== Data for this exercise ==
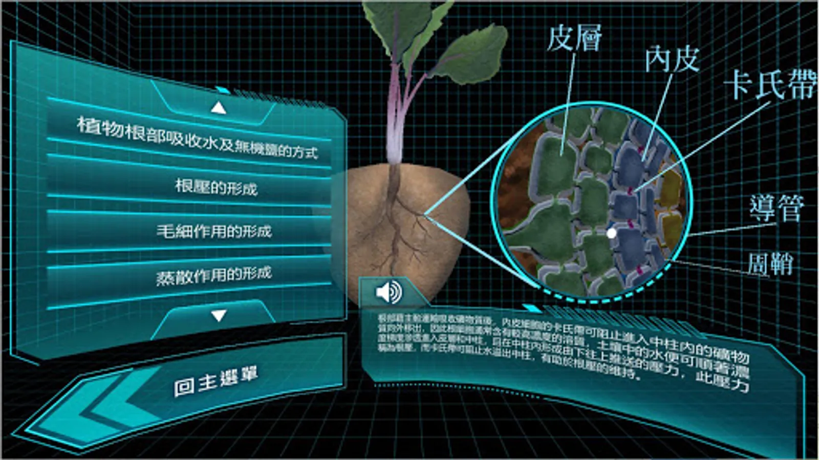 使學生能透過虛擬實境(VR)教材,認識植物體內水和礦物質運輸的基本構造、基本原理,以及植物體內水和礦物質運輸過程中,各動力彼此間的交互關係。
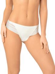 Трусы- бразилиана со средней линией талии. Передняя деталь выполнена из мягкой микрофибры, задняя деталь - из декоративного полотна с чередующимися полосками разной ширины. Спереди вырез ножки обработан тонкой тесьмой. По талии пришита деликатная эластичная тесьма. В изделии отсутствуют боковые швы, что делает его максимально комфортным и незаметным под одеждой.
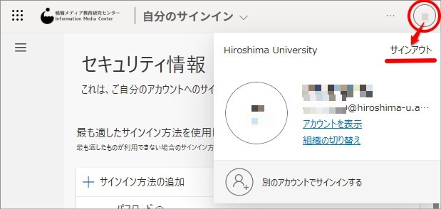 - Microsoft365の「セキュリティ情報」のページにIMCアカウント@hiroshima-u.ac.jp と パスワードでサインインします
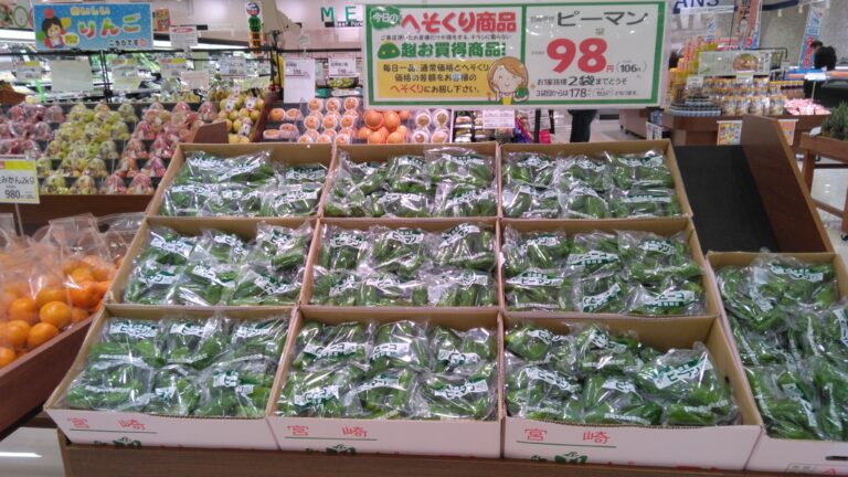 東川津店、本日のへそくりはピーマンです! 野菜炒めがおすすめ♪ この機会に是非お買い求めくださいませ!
===
== Data for this exercise ==
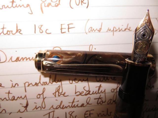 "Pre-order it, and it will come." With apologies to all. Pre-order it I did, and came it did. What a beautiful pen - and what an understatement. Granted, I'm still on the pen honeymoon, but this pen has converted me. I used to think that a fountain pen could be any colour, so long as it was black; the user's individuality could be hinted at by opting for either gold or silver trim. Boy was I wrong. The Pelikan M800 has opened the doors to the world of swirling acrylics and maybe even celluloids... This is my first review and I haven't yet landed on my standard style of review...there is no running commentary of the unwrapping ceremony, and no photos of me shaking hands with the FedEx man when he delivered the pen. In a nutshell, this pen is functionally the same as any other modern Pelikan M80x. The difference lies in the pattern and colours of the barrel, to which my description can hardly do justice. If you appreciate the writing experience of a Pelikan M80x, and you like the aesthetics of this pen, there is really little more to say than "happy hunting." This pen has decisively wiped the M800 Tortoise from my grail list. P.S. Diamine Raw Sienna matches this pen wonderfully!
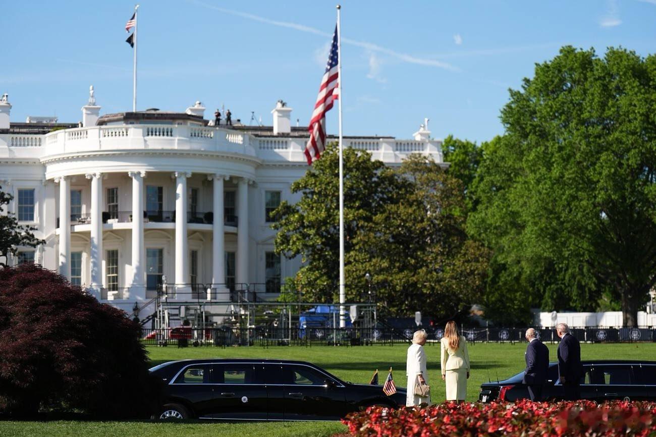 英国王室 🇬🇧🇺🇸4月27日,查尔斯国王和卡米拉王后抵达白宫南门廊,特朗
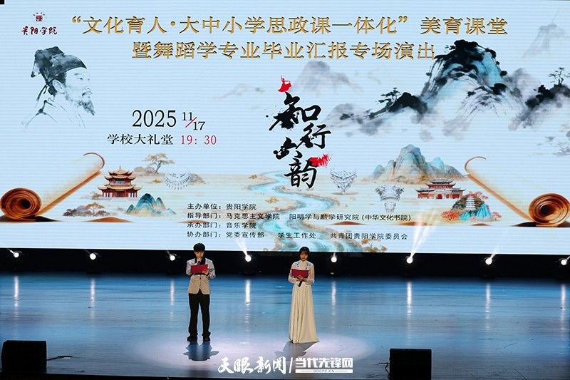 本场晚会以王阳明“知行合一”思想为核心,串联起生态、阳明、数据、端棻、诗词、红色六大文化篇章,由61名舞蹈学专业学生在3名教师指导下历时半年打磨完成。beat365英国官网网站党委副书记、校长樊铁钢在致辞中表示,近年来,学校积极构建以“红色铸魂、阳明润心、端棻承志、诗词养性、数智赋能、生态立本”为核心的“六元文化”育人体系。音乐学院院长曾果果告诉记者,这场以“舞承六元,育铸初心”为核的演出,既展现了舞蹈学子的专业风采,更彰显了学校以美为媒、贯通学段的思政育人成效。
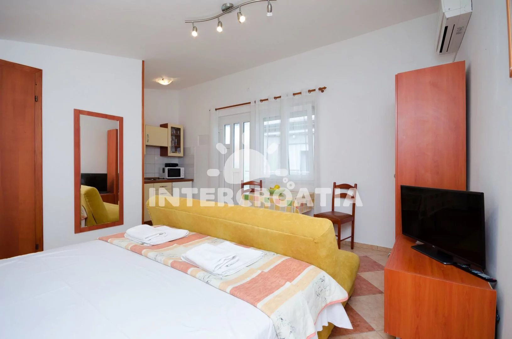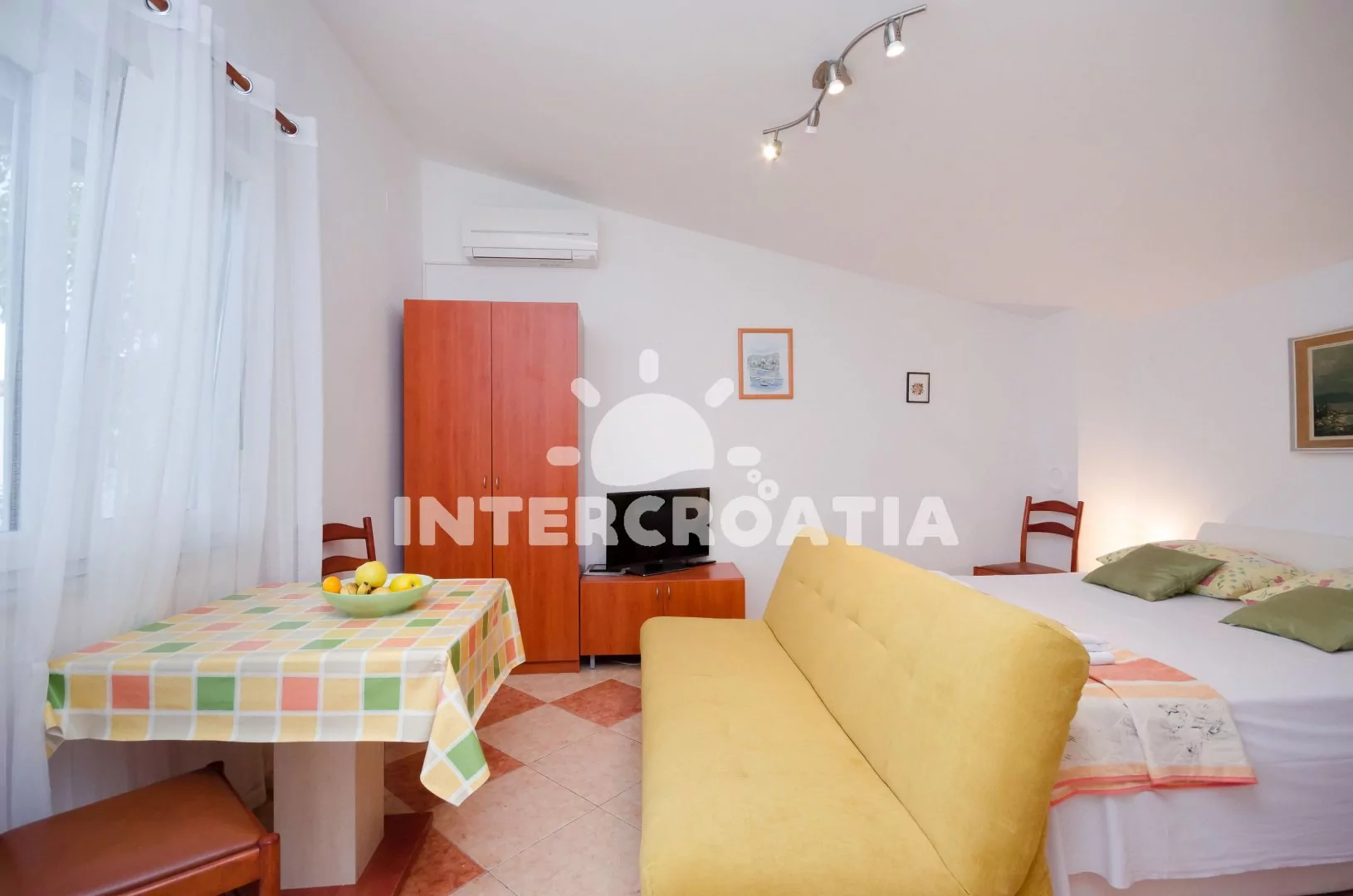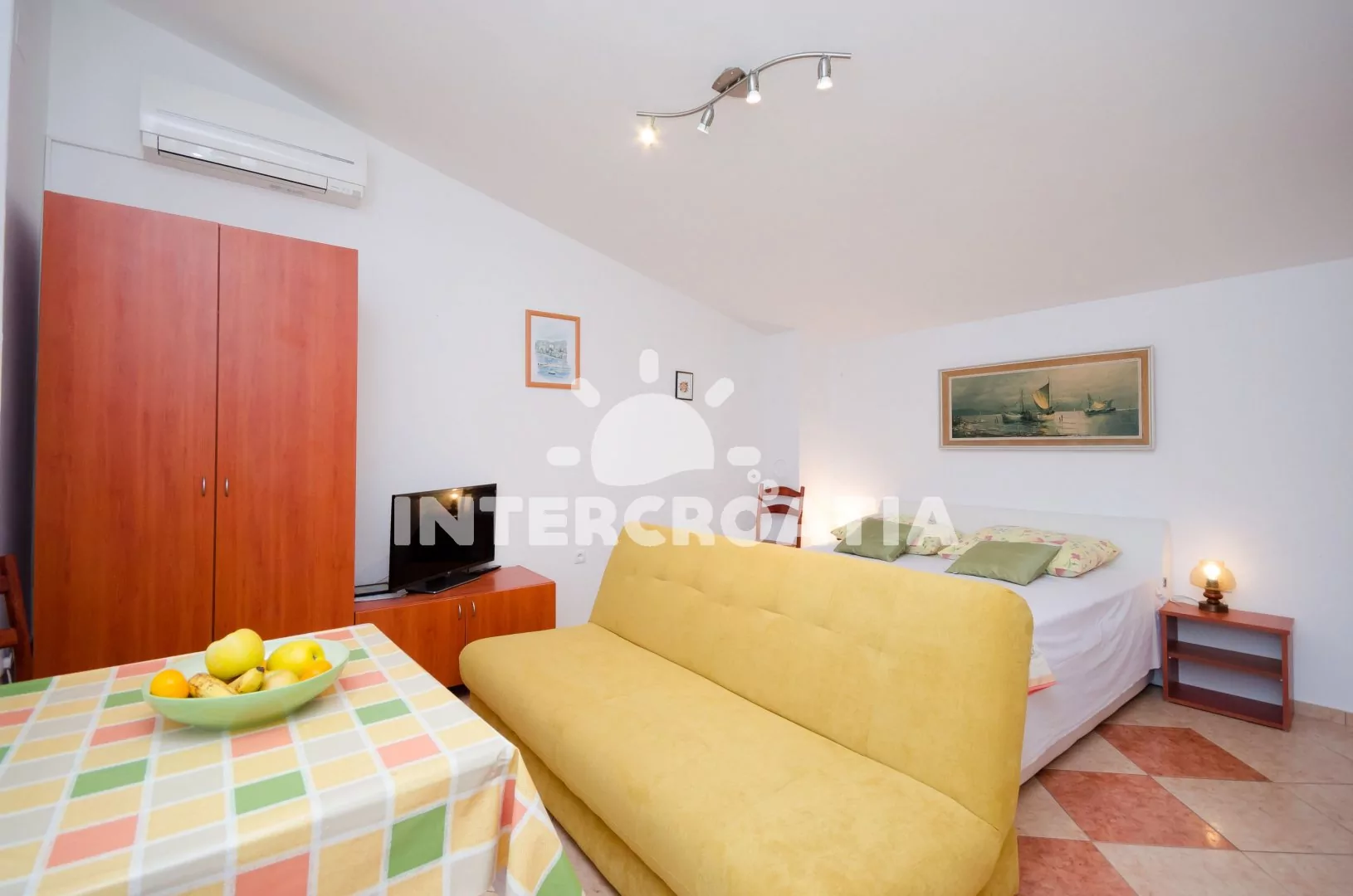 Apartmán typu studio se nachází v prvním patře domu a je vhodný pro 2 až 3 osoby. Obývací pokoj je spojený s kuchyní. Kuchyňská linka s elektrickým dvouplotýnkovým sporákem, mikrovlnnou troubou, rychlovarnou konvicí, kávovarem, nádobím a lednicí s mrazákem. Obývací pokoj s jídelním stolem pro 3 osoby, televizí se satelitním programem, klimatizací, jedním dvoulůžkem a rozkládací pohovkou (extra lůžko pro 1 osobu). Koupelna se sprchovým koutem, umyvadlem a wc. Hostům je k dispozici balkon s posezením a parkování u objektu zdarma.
===
== Data for this exercise ==
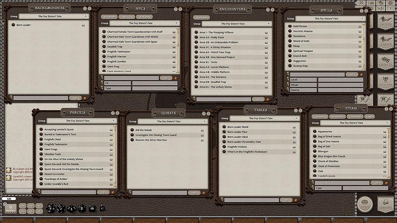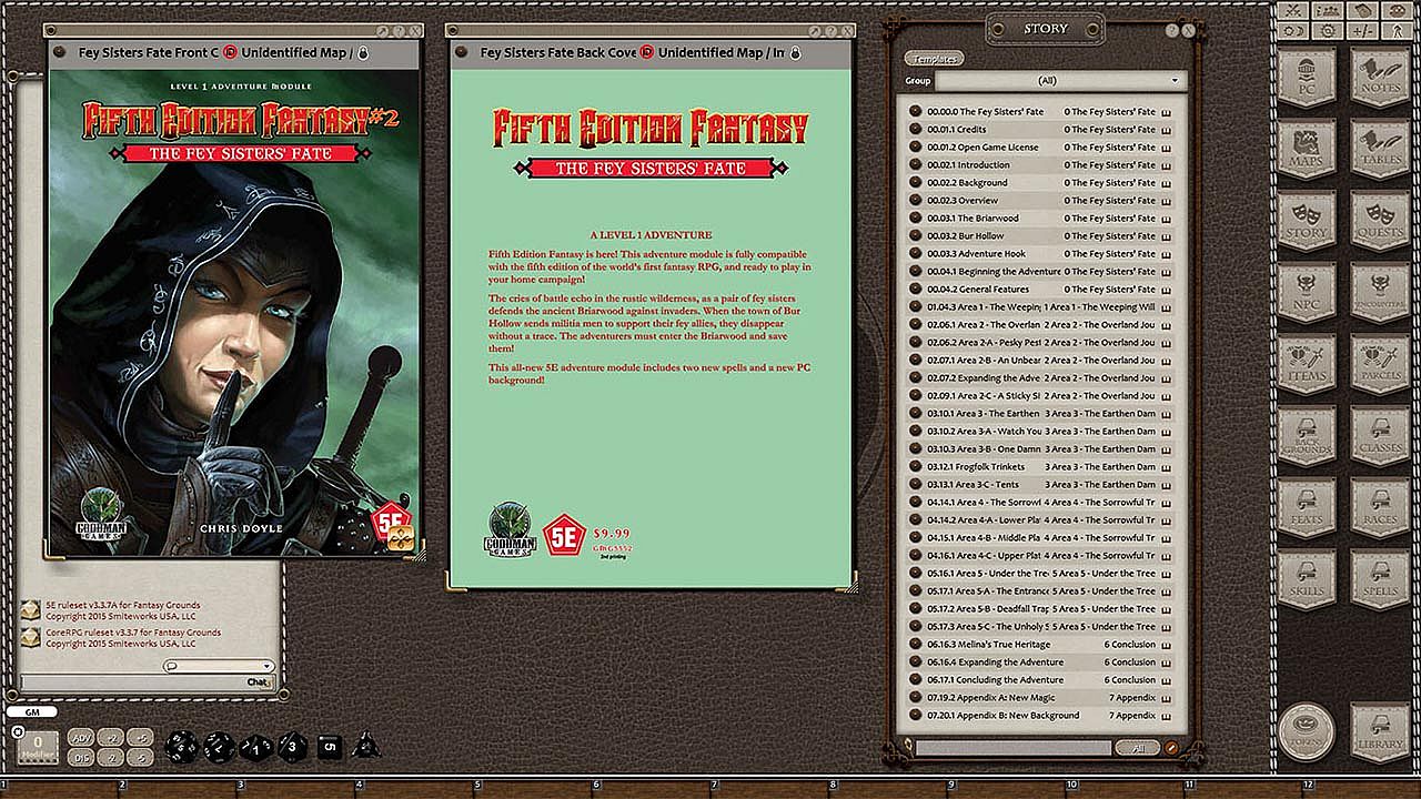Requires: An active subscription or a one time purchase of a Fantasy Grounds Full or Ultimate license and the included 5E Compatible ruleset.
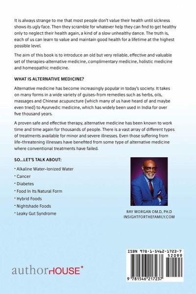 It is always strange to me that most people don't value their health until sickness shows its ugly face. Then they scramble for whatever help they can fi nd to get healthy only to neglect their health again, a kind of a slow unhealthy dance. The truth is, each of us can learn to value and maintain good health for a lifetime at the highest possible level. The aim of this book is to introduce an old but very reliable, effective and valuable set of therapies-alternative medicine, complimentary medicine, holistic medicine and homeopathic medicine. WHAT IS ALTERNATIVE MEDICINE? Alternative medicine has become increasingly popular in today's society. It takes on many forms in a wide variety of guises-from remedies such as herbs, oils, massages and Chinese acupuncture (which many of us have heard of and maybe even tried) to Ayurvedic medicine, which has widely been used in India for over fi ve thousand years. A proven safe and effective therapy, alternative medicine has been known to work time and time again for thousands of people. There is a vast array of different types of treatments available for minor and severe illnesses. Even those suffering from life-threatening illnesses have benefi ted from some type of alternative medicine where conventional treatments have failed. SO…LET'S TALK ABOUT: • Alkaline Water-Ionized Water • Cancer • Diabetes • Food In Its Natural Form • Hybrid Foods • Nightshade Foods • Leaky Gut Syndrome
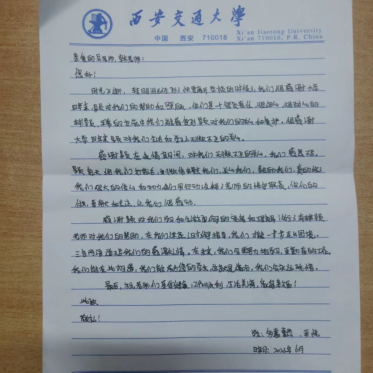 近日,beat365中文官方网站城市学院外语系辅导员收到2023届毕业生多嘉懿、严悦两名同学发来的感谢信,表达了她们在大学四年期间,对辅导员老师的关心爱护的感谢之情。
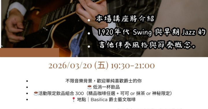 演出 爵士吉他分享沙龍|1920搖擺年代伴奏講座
===
Given the listing above, repeat exactly the lines starting at the one with "近日,beat365中文官方" and ending at the one with "演出 爵士吉他分享沙龍|1920搖擺年代伴奏講座", inclusive, excluding pictures.

Finished exercise:
 近日,beat365中文官方网站城市学院外语系辅导员收到2023届毕业生多嘉懿、严悦两名同学发来的感谢信,表达了她们在大学四年期间,对辅导员老师的关心爱护的感谢之情。
 演出 爵士吉他分享沙龍|1920搖擺年代伴奏講座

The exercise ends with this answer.